Однако изменения произошли. В дверях полиции невозмутимо стоял Джоунс и смотрел на миссис Уайтлоу так же, как он смотрел на Лиззи, — наверное, по-другому Джоунс просто не умел смотреть на женщин. Почему-то в этот момент Элеонора поняла, что он никакой не бабник, а несчастный, никому не нужный мужик, из тех, что умирают, так и не узнав настоящей привязанности. Он не имел ничего и никого, и единственная роскошь, которую он мог себе позволить, как раз и заключалась в этом откровенно изучающем, а вовсе не порочном взгляде, скорее призванном ответить на вечно мучивший Джоунса вопрос: могла бы быть счастлива со мной такая женщина?
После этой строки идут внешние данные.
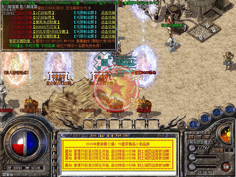 2016年强力打造皇家1.76精品小极品,极品狂暴,运⑨好搞 十倍回收 等级好升 !传奇一条龙技术新增特色地图,适合散人打宝,组队混终极装备!散人不花钱一样混的好 !进入任何地图打宝都会增加大量经验,让升级,打宝同步进行,真正为玩家考虑 !全新皇家精品,运9套好搞 +8+9小极品 非常好爆 独家升级。游戏乐趣更多,适合散人团队发展,散人玩家的天堂 !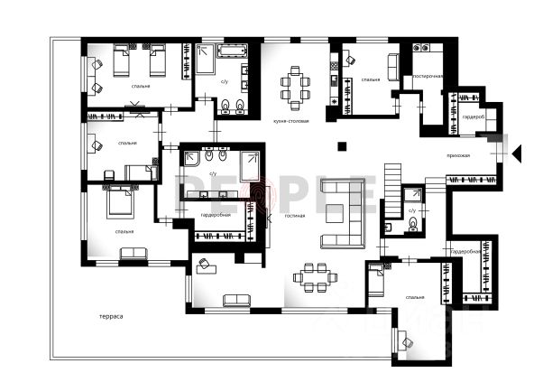 Функциональная планировка квартиры, разработанная по индивидуальному дизайн-проекту: квартира разбита на общую, взрослую и детскую зоны. В общей зоне просторная кухня-гостиная, постирочная комната, гостевой санузел, просторный холл с гардеробной. Во взрослой зоне расположены спальня с гардеробной комнатой, взрослый совмещенный санузел с ванной, душевой и двумя раковинами, кабинет. В детской зоне - три изолированные детские комнаты, две из них с выходом на балкон, совмещенный санузел с джакузи, душевой кабиной и тремя раковинами для каждого ребенка, уютная ТВ-зона с диваном, гардеробная зона с зеркальными шкафами.
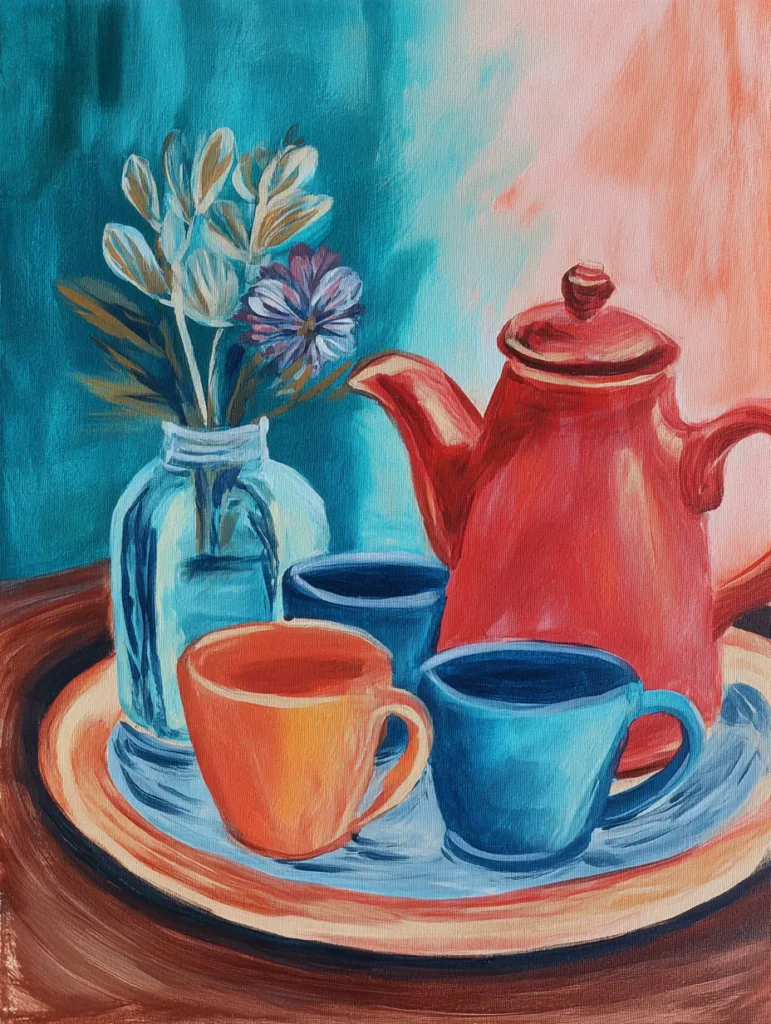 This inviting painting features a bright red teapot sitting alongside two colorful mugs, one orange and one blue, on a rustic wooden tray. A clear glass vase filled with delicate white and purple flowers stands beside the teapot, all set against a soft, split background of deep teal and a warm peach tone. To create this, start by painting your background using a large brush to blend the teal and peach sections, then sketch the basic shapes of the teapot, cups, and vase onto your canvas. Fill these in with solid base colors and use a smaller brush to add light, airy strokes for the flowers, finishing with subtle highlights on the ceramic surfaces to give them a nice, smooth shine.

На стекле автомобиля Элеоноры была приклеена какая-то бумажка. Миссис Уайтлоу подошла ближе, положила левую руку на капот, правой отодрала вырезанную из газеты заметку, внизу которой красовалось выведенное размашистым почерком: «С приветом! Харт». В заметке было написано: «Французский центр документации и информации по страхованию, использовав данные страховых компаний, министерства юстиции, жандармерии, травматологического госпиталя Гарше и специальной группы психологов, составил портрет-робот идеального водителя. Им оказалась женщина тридцати лет, замужняя, любящая домашнее хозяйство, имеющая стаж вождения машины не менее десяти лет, предпочитающая малолитражные автомобили».

Смешной этот Харт. Откуда ему знать, что она не замужем, а в остальном нарисовал точный психологический портрет коллеги, как он говорит, и нарисовал не распинаясь, не захлебываясь в потоке слов, а лишь приклеив малюсенький

клочок газеты. Снизу к заметке была подколота еще одна бумажка; миссис Уайтлоу отогнула ее и увидела квитанцию на уплату штрафа за стоянку в неположенном месте. Она подняла голову и прямо над машиной увидела знак «Стоянка запрещена». Первый раз за сегодняшний день Элеоноре стало легко. Капитан Харт — человек с чувством юмора: штрафует идеального водителя в двух шагах от полиции. Молодец. Даже если он подлец, то не безнадежный, раз способен оценить. смешное.